● **Data under study**:

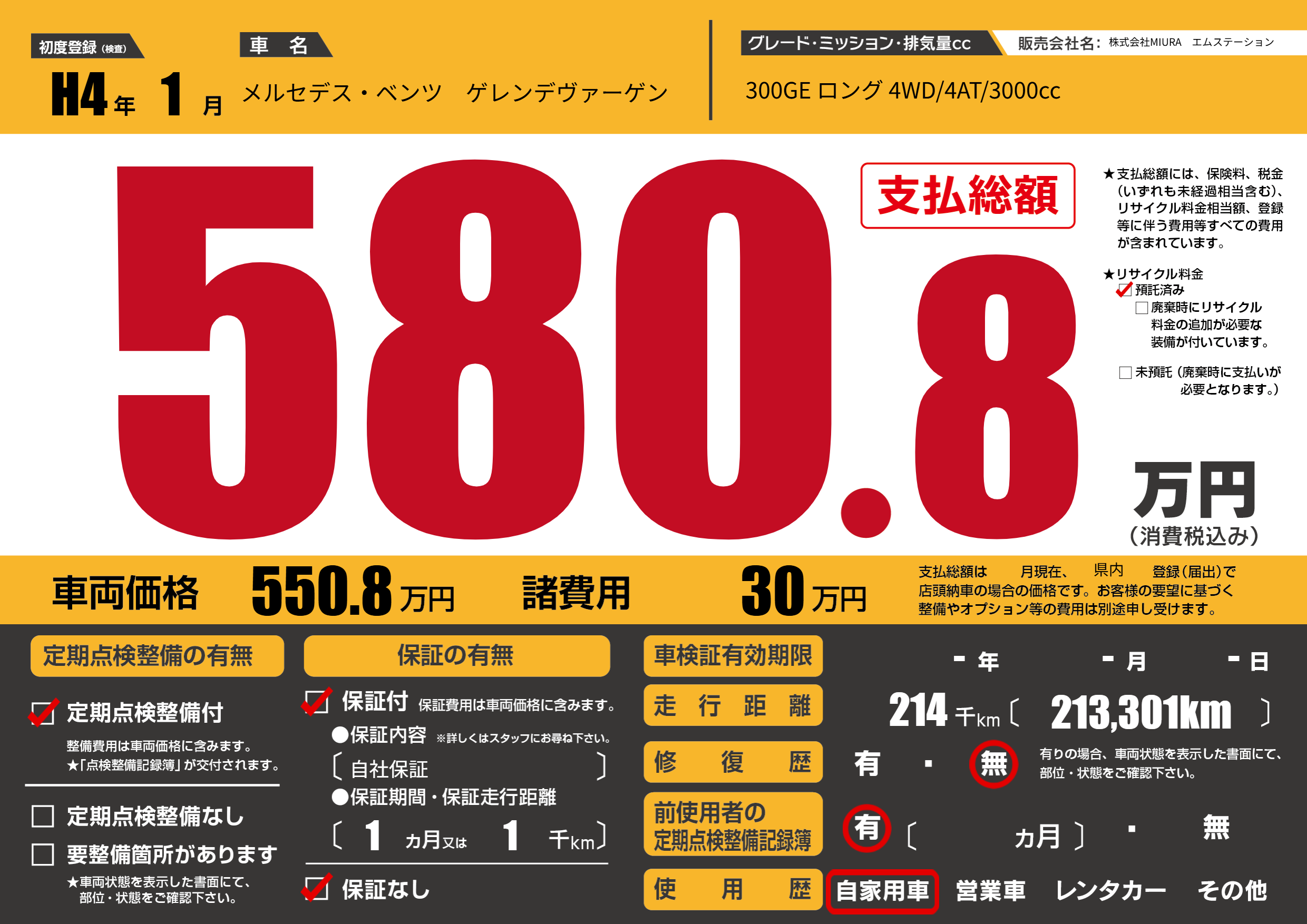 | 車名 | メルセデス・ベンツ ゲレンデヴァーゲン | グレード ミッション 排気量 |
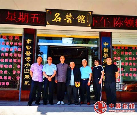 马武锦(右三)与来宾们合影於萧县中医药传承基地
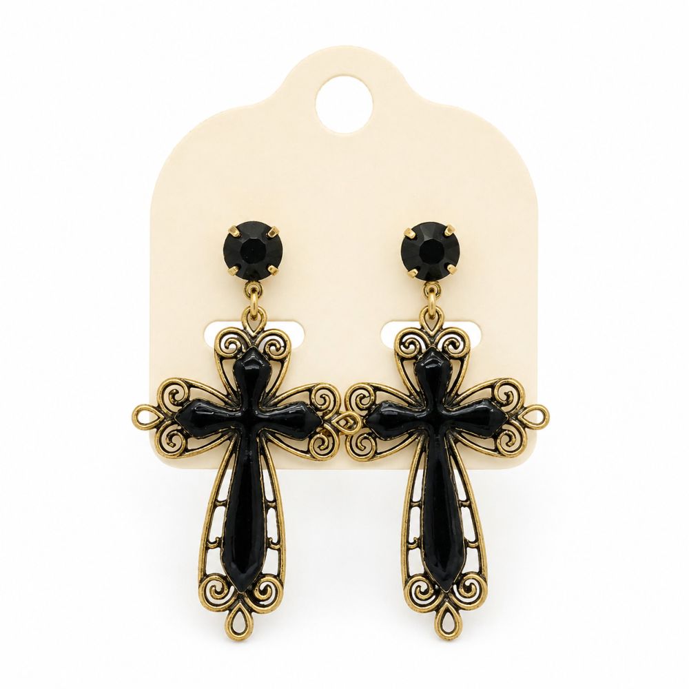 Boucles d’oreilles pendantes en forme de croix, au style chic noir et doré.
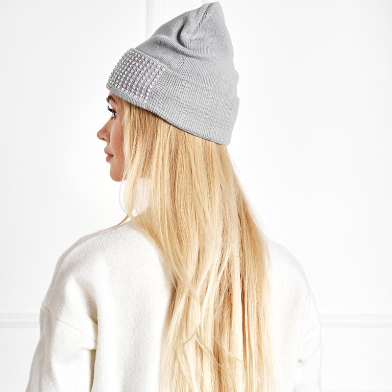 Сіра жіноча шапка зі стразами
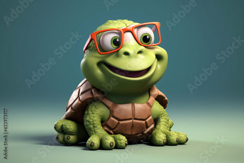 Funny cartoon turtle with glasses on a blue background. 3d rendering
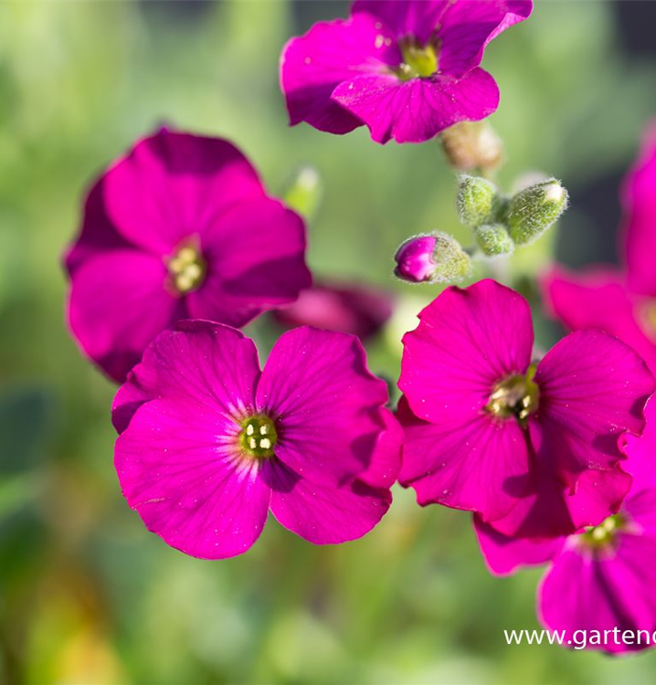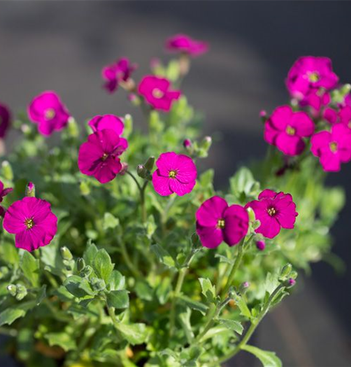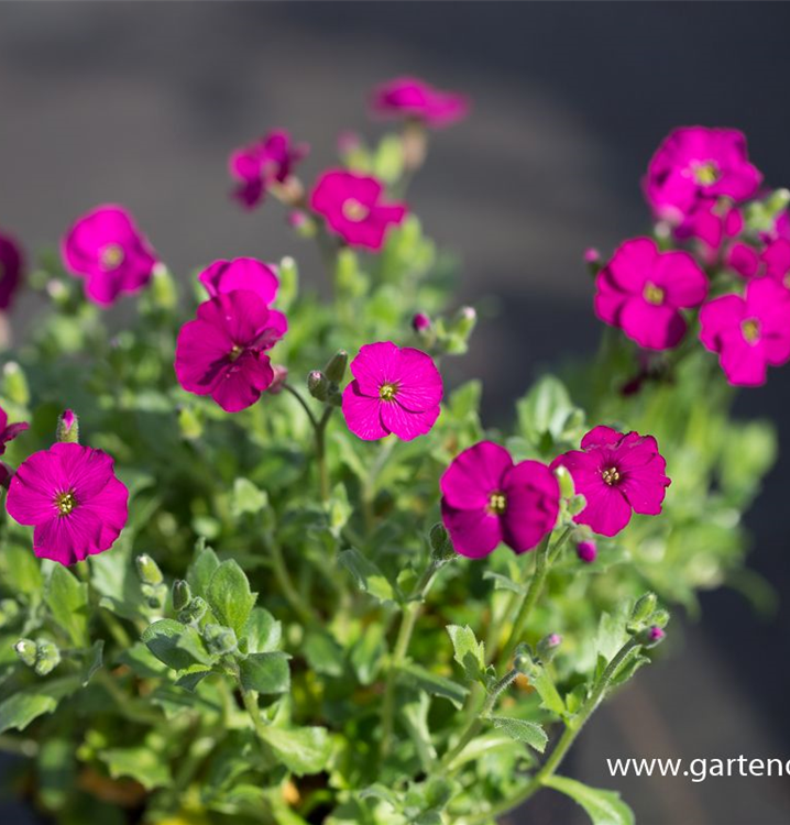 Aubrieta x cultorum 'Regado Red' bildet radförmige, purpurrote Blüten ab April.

● **What the task asks**: Where pictures appear in the records, leave them out; output everything else exactly.

● **Output for this task**:
 | 車名 | メルセデス・ベンツ ゲレンデヴァーゲン | グレード ミッション 排気量 |
 马武锦(右三)与来宾们合影於萧县中医药传承基地
 Boucles d’oreilles pendantes en forme de croix, au style chic noir et doré.
 Сіра жіноча шапка зі стразами
 Funny cartoon turtle with glasses on a blue background. 3d rendering
 Aubrieta x cultorum 'Regado Red' bildet radförmige, purpurrote Blüten ab April.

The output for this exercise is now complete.